Язык — это средство обеспечить единство рода, т.е. возможность для каждого человека проникнуть за пределы собственного рождения и собственной смерти, стать наследником умершего предка и предком будущего потомка. Поэтому было бы ошибкой выводить язык из отрывочных звуков, издаваемых животными, или системы жестов и мимики. Ибо все они называют (обозначают) предметы, доступные органам чувств. Подлинно человеческий язык должен был назвать невидимое, сверхчувственное (т.е. та, что выходит за пределы возможностей пяти органов чувств человека). Таковы, прежде всего, события до рождения человека и после его смерти.
Логика предшествующего изложения позволяет сделать вывод принципиальной важности: человек начинает говорить, для того чтобы "преодолеть" смерть. В самом деле, язык позволяет сохранить присутствие умершего предка (его социальную функцию) среди живых. Поэтому первой, исходной формой языка должно быть признано имя. По всей вероятности, первым именем следует считать имя умершего предка, выкрикиваемое во время ритуала погребения. Это имя — то, что остается после его смерти. Ритуал погребения устанавливает связь между живыми и мертвыми, т.е. между чувственным и сверхчувственным, а имя рассматривается в качестве внутренней, глубинной сущности того, кто нарекается этим именем.

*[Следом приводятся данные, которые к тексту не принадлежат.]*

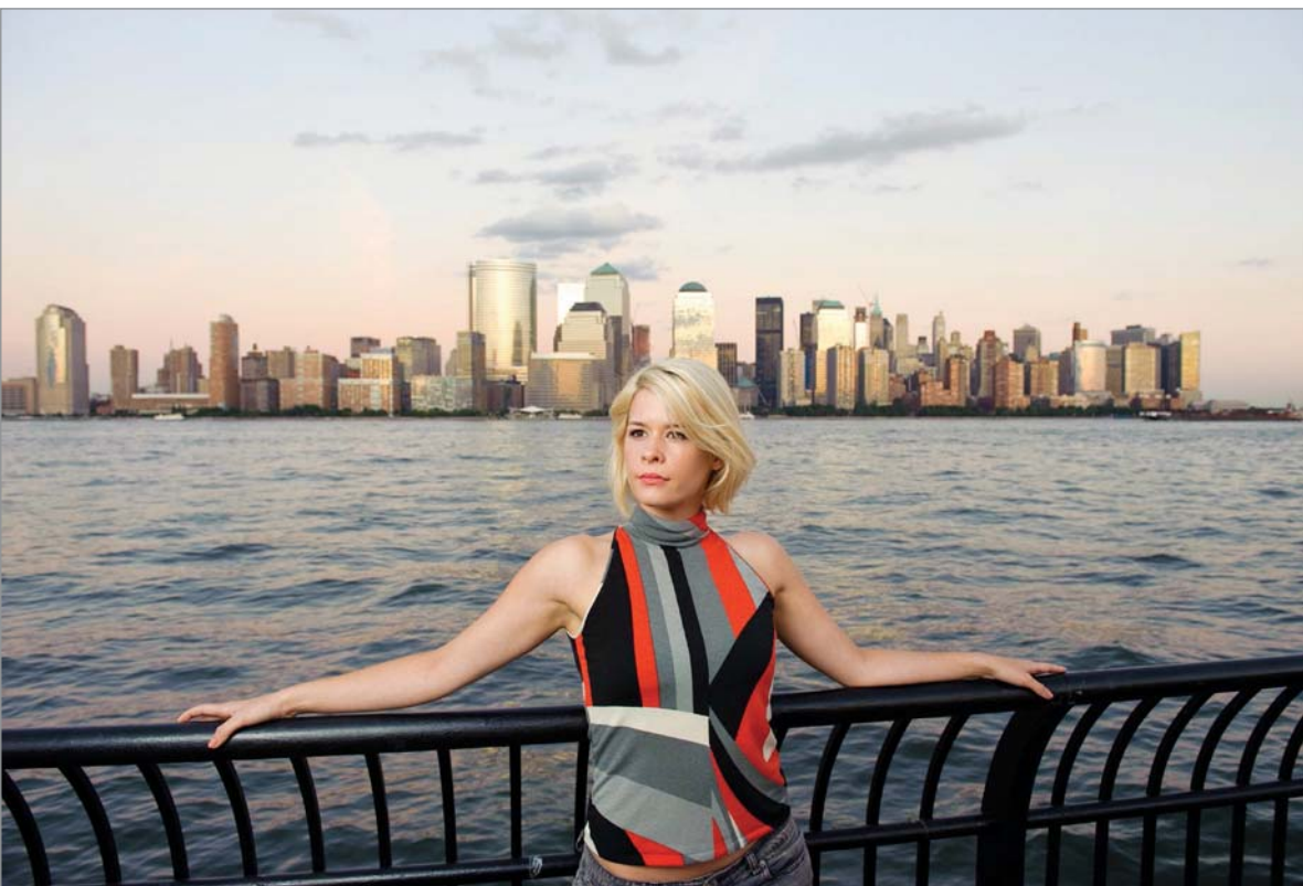
Abbildung 4.10: (1/40 Sekunde, f/5.6, ISO 400)
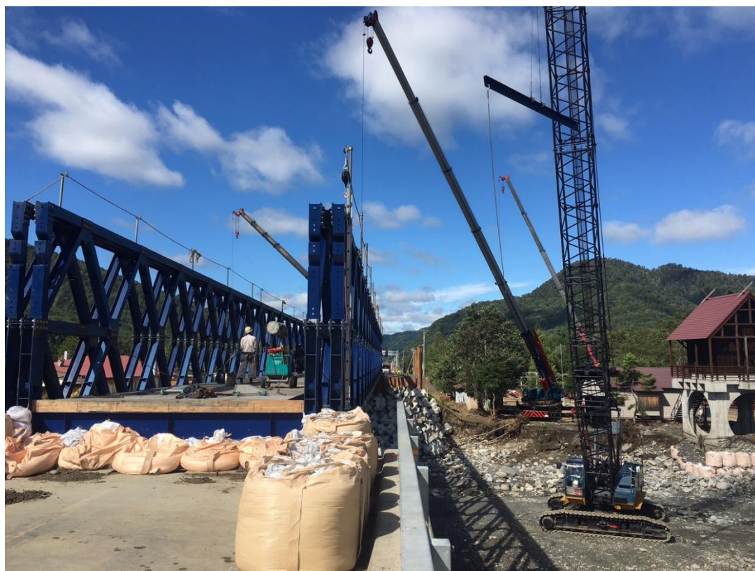
△復旧作業用仮橋架設状況② (H28.9.11)

Говоря об именах, следует рассеять одно существенное недоразумение, связанное с представлением, что имена — это непременно склоняемые, но неспрягаемые слова (а также некоторые несклоняемые существительные и прилагательные). Собственно говоря, грамматическое понятие имени идет от античных грамматик и вводится путем противопоставления глаголу. Между тем нас интересуют в данном случае не грамматические дефиниции (которые являются более поздним продуктом), а сам процесс называния (номинации). Под номинацией понимается образование языковых единиц, обладающих номинативной функцией, т.е. способных называть и вычленять определенные фрагменты действительности. В связи с этим очень важны так называемые элементные номинации, которые называют не всю действительность, а только некоторые ее элементы. В свою очередь, среди элементных номинаций выделяют "вещные" имена и имена "признаковые". Если первые соответствуют именам существительным, то вторые — прилагательным, глаголам и наречиям.

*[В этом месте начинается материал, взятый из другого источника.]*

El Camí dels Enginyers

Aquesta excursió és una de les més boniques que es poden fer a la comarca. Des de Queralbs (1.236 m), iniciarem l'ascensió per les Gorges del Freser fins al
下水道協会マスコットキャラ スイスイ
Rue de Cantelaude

Таким образом, традиционно считается, что имена могут склоняться, но не могут спрягаться, а глаголы, напротив, могут спрягаться, но не могут склоняться. Однако историческая грамматика с достаточной степенью уверенности позволяет считать, что на начальных этапах развития языка граница между именами и глаголами не была столь резкой, поскольку глагол — это, в сущности, имя действия. Более того, есть много оснований считать, что первым падежом был отнюдь не именительный, а звательный. Все первые имена магичны, они понимаются как выражение некоторой внутренней, глубинной сущности носителя имени. В конечном счете предполагается тождество имени и того, кого (или что) оно обозначает. Поэтому через посредство имени, как считалось, можно оказывать магическое влияние на носителя имени. Отсюда стремление сохранить подлинное имя в тайне или заменить его поддельным именем (соответствующие сюжеты хорошо известны из мифологии и истории). Но магическое воздействие возможно лишь тогда, когда имя стоит в звательном, а отнюдь не в именительном падеже.

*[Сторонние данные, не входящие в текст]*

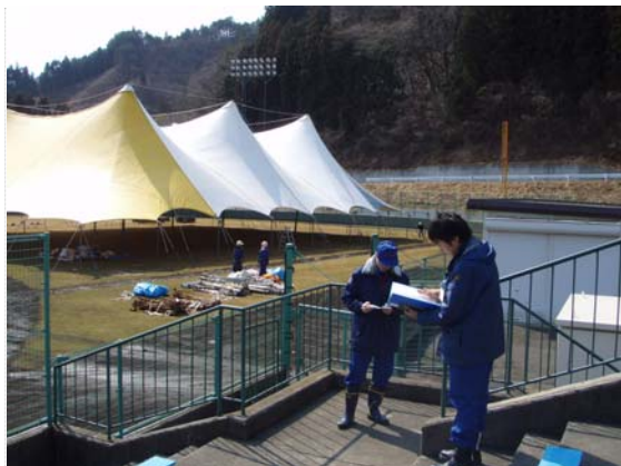
物資保管用テント (3/25)
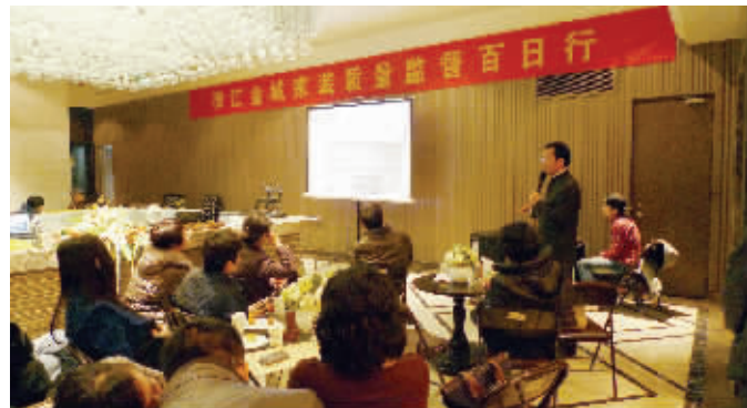
龙瑞装饰携手五矿地产,推出“御江金城家装质量监督百日行”

Действительно, звательный падеж провоцирует беседу, он означает приглашение повернуться и вступить в разговор. В этом смысле звательный падеж предполагает наличие жизни в том, к кому обращаются. Звательный падеж — это не нейтральное, хладнокровное описание, а сопряжение (спряжение) двух живых существ. А это означает, что в звательном падеже стерто различие между существительным (именем в узком смысле) и глаголом. Процесс называния мог использовать только звательный падеж, поскольку называние предполагало снятие обезличенности и пугающей непознаваемости человека, вещи или процесса. Называть — значило призывать открыть свою потаенную сущность, выведывать эту глубинную сущность с помощью магии имени. Кроме того, называние не могло не быть ритуальным действием, участники которого сплачивались в тождественном понимании сущности называемого.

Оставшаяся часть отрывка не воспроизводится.